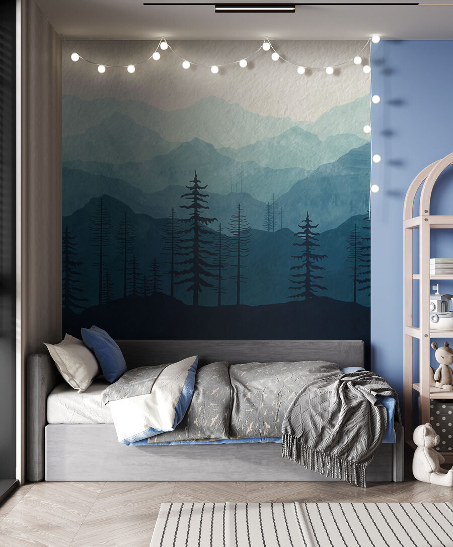 Czy kiedykolwiek marzyłeś o przebudzeniu się w przytulnym domku położonym w sercu głębokiego, spokojnego lasu? Ta fototapeta ścienna “Sylwetka drzewa” to twój ekspresowy bilet do spokoju bez wychodzenia z domu. Wyobraź sobie akwarelowe warstwy majestatycznych gór i wysokich, spokojnych drzew rozciągających się na całej ścianie, niemal szepcząc spokój i sekrety natury do twojej przestrzeni.
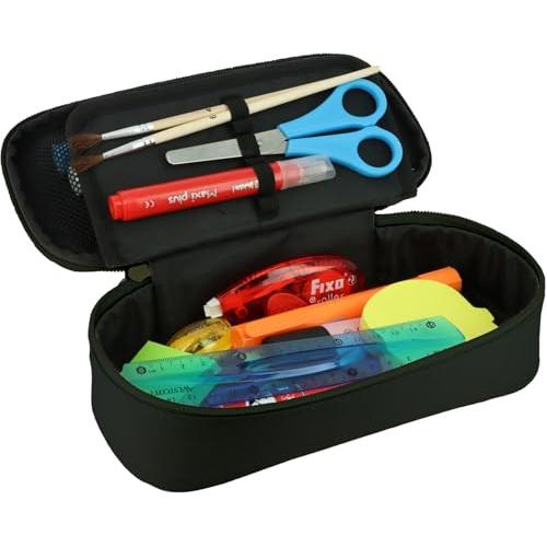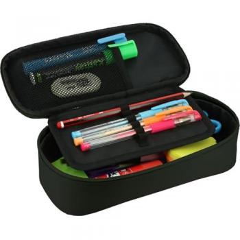 Grafoplás - Estuche Escolar 3 Compartimentos, Rectangular bits & Bobs Negro, Gran Compartimento Principal Rígido,Bolsillo Interior Rejilla, Compartimento Intermedio con Banda Elástica para 12 Lápices
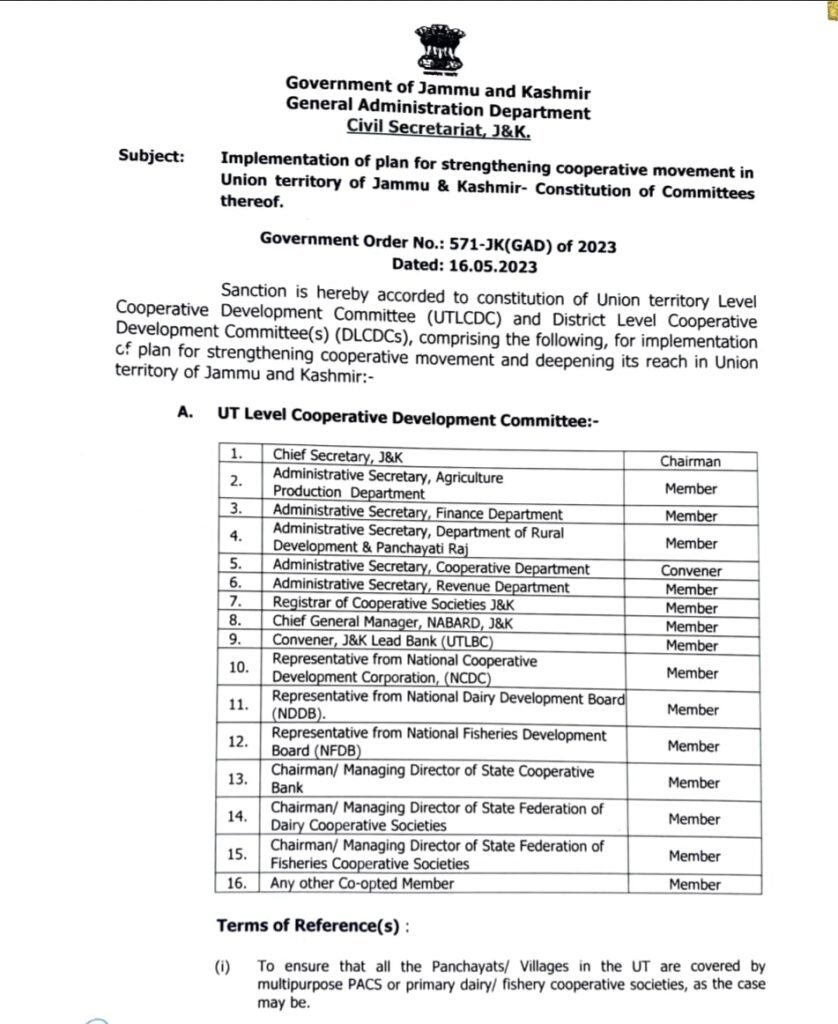 In a significant move to bolster the cooperative movement and enhance its outreach, the Government of Jammu and Kashmir has announced the implementation of a comprehensive plan. Under Government Order No.: 571-JK(GAD) of 2023, Union territory Level Cooperative Development Committee (UTLCDC) and District Level Cooperative Development Committee(s) (DLCDCs) will be constituted to drive the execution of this visionary strategy.
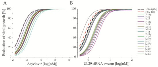 Inhibition of viral shedding in response to (A) acyclovir (ACV) or (B) UL29 siRNA swarm. The fitted curves represent circulating clinical (solid lines, N = 17) or reference strains (dashed lines, N = 2) of HSV-1. In all antiviral assays, Vero cells were treated with the antiviral agent on 96-well plates, infected 4 h post treatment (hpt) with 100 plaque forming units (pfu) per well, and finally quantified for reduction of viral production into the culture medium at 72 hpt. The dose is shown as log (nM) for both antivirals. The response is shown as inhibition percentage (%) in comparison to untreated cells for ACV and to water-treated cells for the UL29 siRNA swarm. The ACV plaque reduction assay was conducted in duplicates, and the antiviral siRNA swarm assay with five or more biological replicates for each concentration.
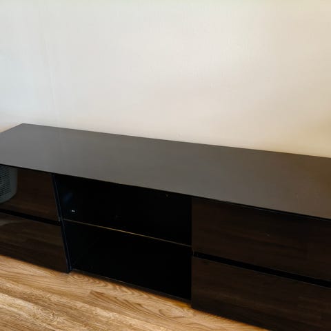 Must a neliömäinen sivupöytä. Sopii esimerkiksi olohuoneeseen sohvapöydäksi, yöpöydäksi tai lisätasoksi. Pöydässä on neljä jalkaa ja sileä kansitaso. Materiaali vaikuttaa olevan puupohjainen levymateriaali tai vastaava.
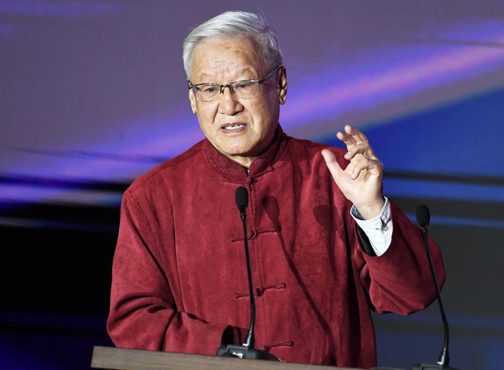 2020年10月17日,谢飞在新中国电影教育的历史演进与发展前瞻暨北京电影学院建校70周年学术论坛上发言。新华社记者任超摄
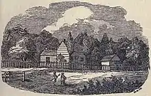Givins was released in 1781. No record exists of his activities until he was appointed a lieutenant with the Queen's Rangers on November 30, 1791.[3] Knowledgeable in Ojibwe, he served as a courier and interpreter for Lieutenant Governor Simcoe in Simcoe's dealings with the province's Indians. In June 1797 he was appointed the post of Indian Agent for the town of York by Peter Russell. Among Givins's duties were various official interactions with Indian bands, such as the distribution of annual gifts due from land surrenders. He was also charged with the task of keeping the Six Nations of Upper Canada under Joseph Brant's leadership from forming a viable alliance with the Mississaugas of Upper Canada.[2][3] He married Angelica Andrews on December 29, 1797.[4] In 1802 Givins built a large estate west of Toronto on land he received as a loyalist fighter in the American Revolution. He dubbed the estate Pine Grove.[1] The Queen's Rangers were disbanded in 1803, and Givins was made a captain of the 5th foot regiment on November 19, 1803.
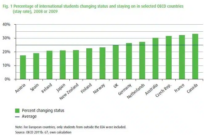 - the propensity of international students to stay in the country of study after graduation;
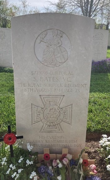 The CWGC cemetery at Bayeux is the last resting place of Sidney Bates VC. Sidney Bates won his VC on 6th August 1944 but died of his wounds received on the 8th. Bates’ actions and his VC citation read like something from a boys own comic book.
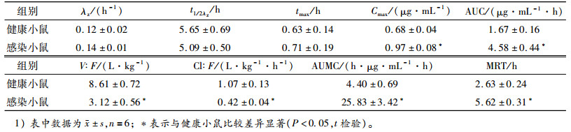 表 3 健康和感染的小鼠皮下注射马波沙星(2 mg·kg-1)的药代动力学参数1) Table 3 Pharmacokinetic parameters of marbofloxacin after a single subcutaneous administration (2 mg·kg-1) in healthy and infected mice |
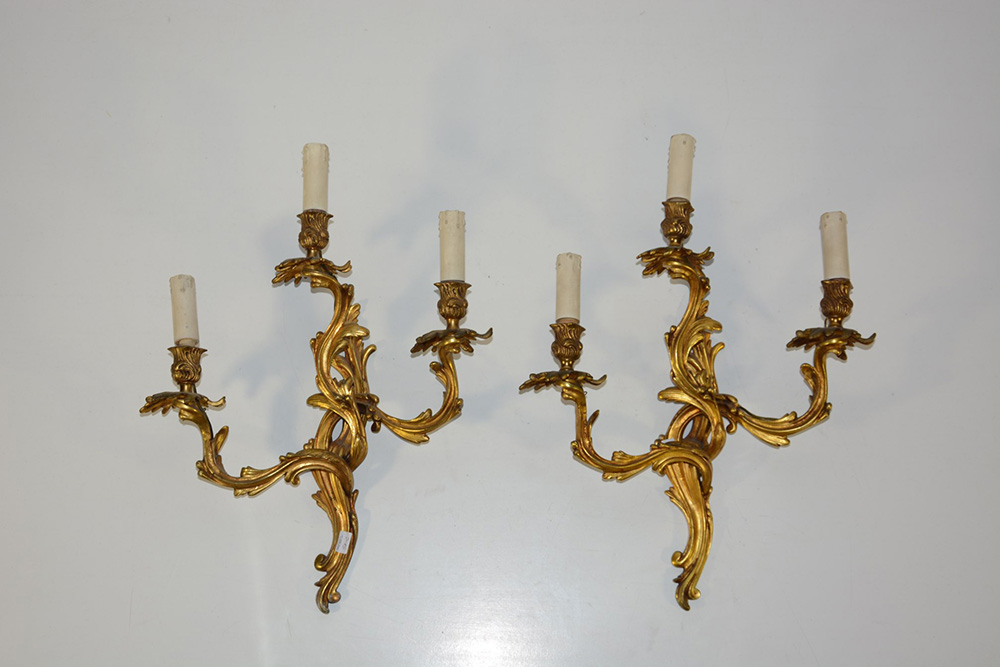 Lotto di due applique in bronzo dorato a tre luci con decoro a racemi (lievi difetti)
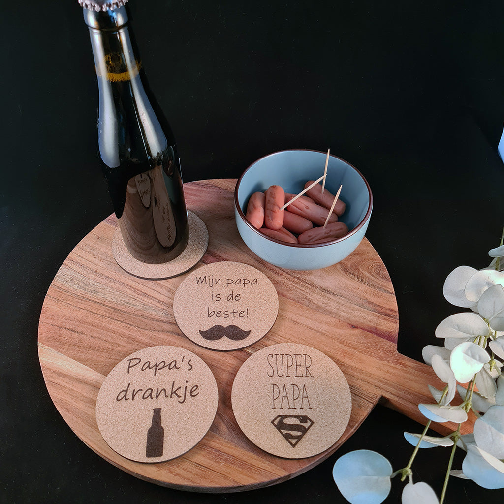 Kurken onderzetter om je vader te verrassen, voor zijn verjaardag, vaderdag, of zomaar.
□ □ □ □ □
*Task goal*
Using the entries above, reproduce word for word only the lines from the one that contains "Must a neliömäinen" to the one that contains "2020年10月17日,谢飞", both ends included, and drop every picture.

*Result of the task*
 Must a neliömäinen sivupöytä. Sopii esimerkiksi olohuoneeseen sohvapöydäksi, yöpöydäksi tai lisätasoksi. Pöydässä on neljä jalkaa ja sileä kansitaso. Materiaali vaikuttaa olevan puupohjainen levymateriaali tai vastaava.
 2020年10月17日,谢飞在新中国电影教育的历史演进与发展前瞻暨北京电影学院建校70周年学术论坛上发言。新华社记者任超摄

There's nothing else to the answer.